Aim of the exercise
Omit every picture. Return all other data as it stands.

Supplied data
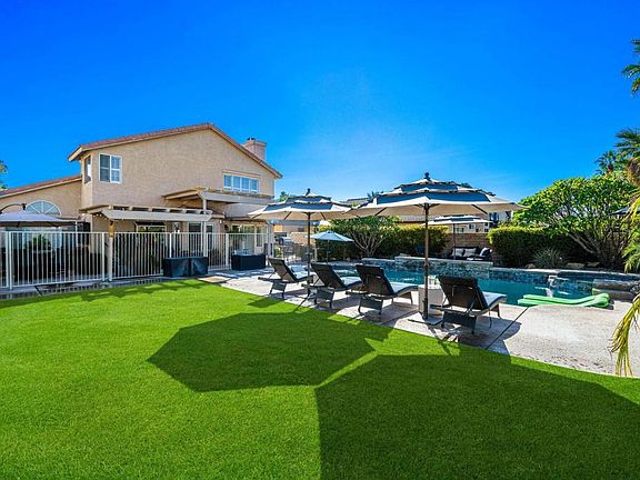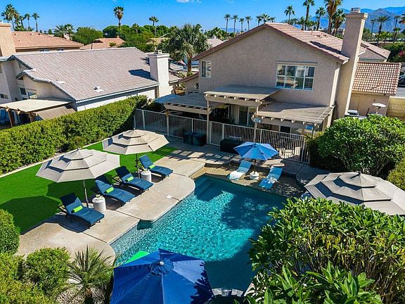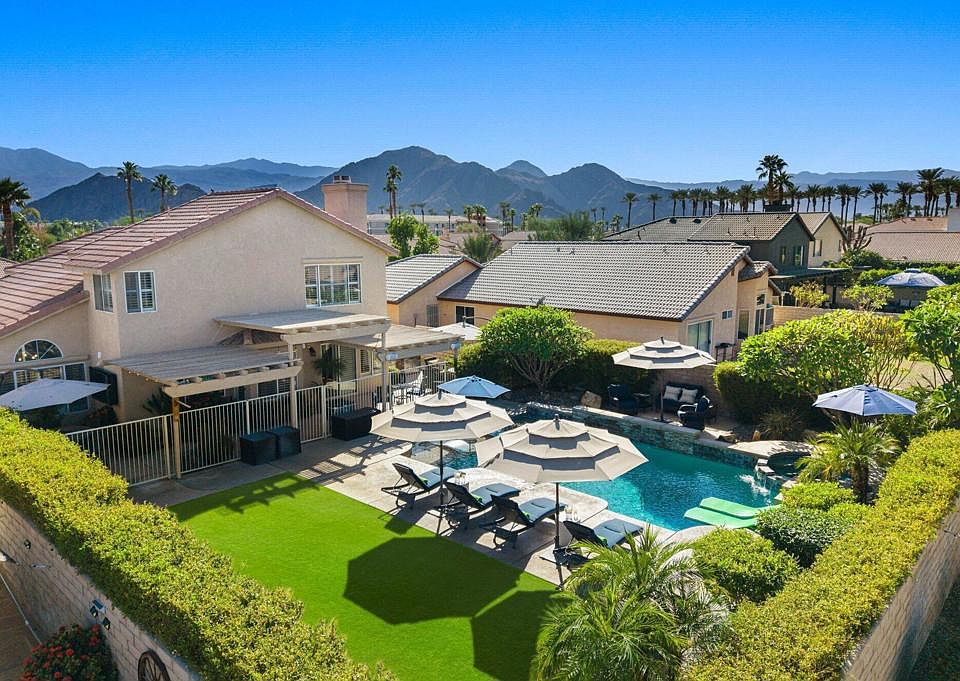 Welcome home to this inviting and beautifully updated 4 bedroom, 2.5 bathroom residence in the desirable Acacia at La Quinta community. Designed for effortless indoor/outdoor living, this home offers stunning mountain views and a private backyard retreat complete with a sparkling pool and spa, lush green lawn, a built-in BBQ and pizza oven, and a large covered patio ideal for relaxing with friends.Inside, the remodeled kitchen features granite countertops, stainless steel appliances, and a charming greenhouse window that fills the space with natural light. An open living/dining area anchors the main level, while a private lounge off the kitchen showcases an upgraded fireplace, wet bar, and wine storage -- a perfect space to gather and unwind.The primary suite includes a double vanity and walk-in closet, while three additional bedrooms provide flexibility for guests, a home office, or hobbies. Additional features include an automated lighting system, interior and exterior audio system, updated guest bathrooms, and plantation shutters throughout.With no HOA fees and just minutes from world-class golf, tennis, pickleball, hiking, dining, shopping, and Acrisure Arena events, this Acacia at La Quinta home delivers the quintessential desert lifestyle.
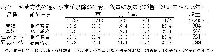 | [成果情報名] | イチゴの湛水式底面給水育苗技術 |
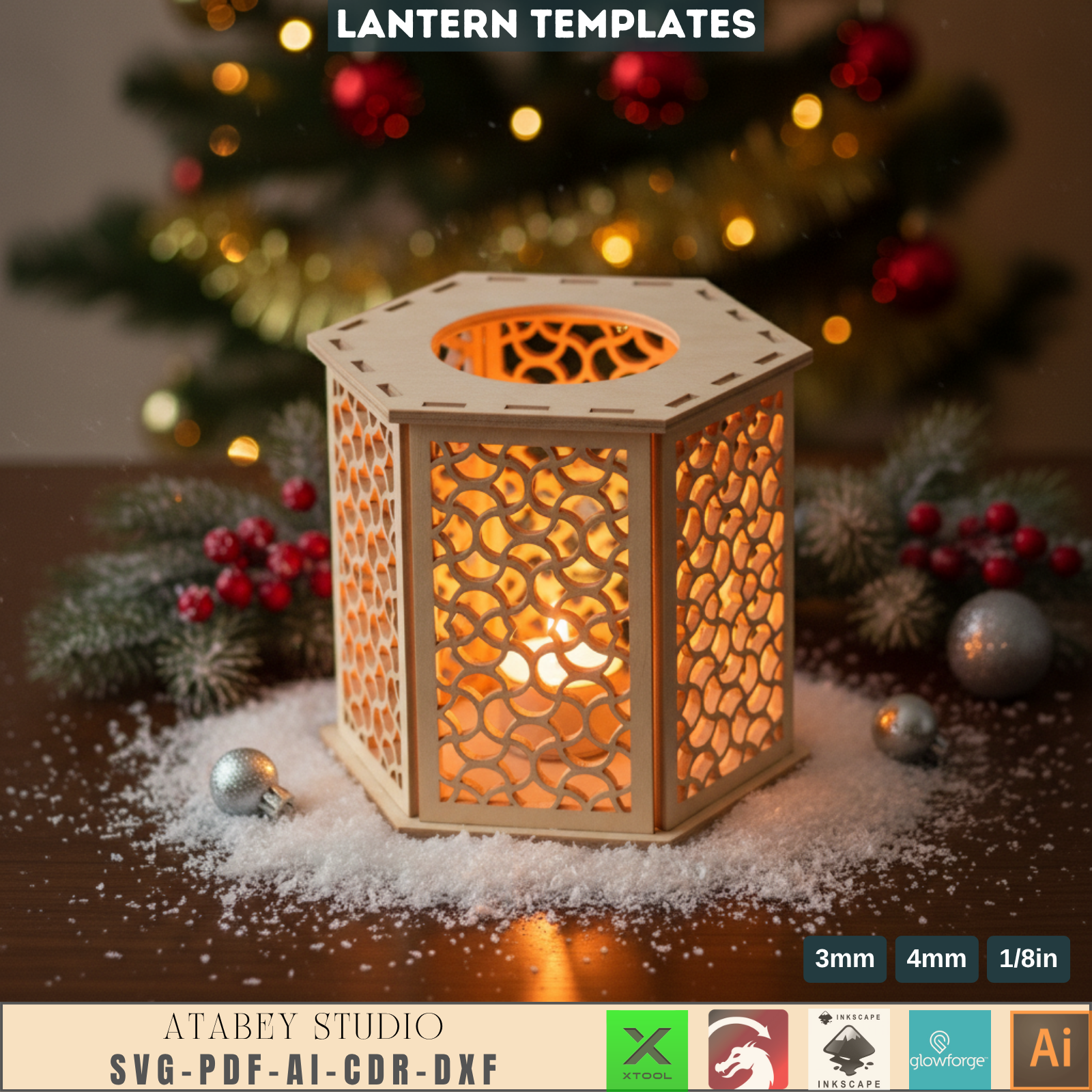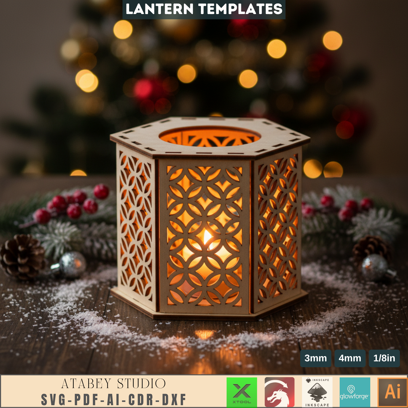 Unique Laser Cut Star Ornaments for Christmas Tree Decor & Holiday Crafts - Lantern Night Light Template, Laser Cut Wood Lampshade Plan, DIY Table Centerpiece 958

Exercise response
 Welcome home to this inviting and beautifully updated 4 bedroom, 2.5 bathroom residence in the desirable Acacia at La Quinta community. Designed for effortless indoor/outdoor living, this home offers stunning mountain views and a private backyard retreat complete with a sparkling pool and spa, lush green lawn, a built-in BBQ and pizza oven, and a large covered patio ideal for relaxing with friends.Inside, the remodeled kitchen features granite countertops, stainless steel appliances, and a charming greenhouse window that fills the space with natural light. An open living/dining area anchors the main level, while a private lounge off the kitchen showcases an upgraded fireplace, wet bar, and wine storage -- a perfect space to gather and unwind.The primary suite includes a double vanity and walk-in closet, while three additional bedrooms provide flexibility for guests, a home office, or hobbies. Additional features include an automated lighting system, interior and exterior audio system, updated guest bathrooms, and plantation shutters throughout.With no HOA fees and just minutes from world-class golf, tennis, pickleball, hiking, dining, shopping, and Acrisure Arena events, this Acacia at La Quinta home delivers the quintessential desert lifestyle.
 | [成果情報名] | イチゴの湛水式底面給水育苗技術 |
 Unique Laser Cut Star Ornaments for Christmas Tree Decor & Holiday Crafts - Lantern Night Light Template, Laser Cut Wood Lampshade Plan, DIY Table Centerpiece 958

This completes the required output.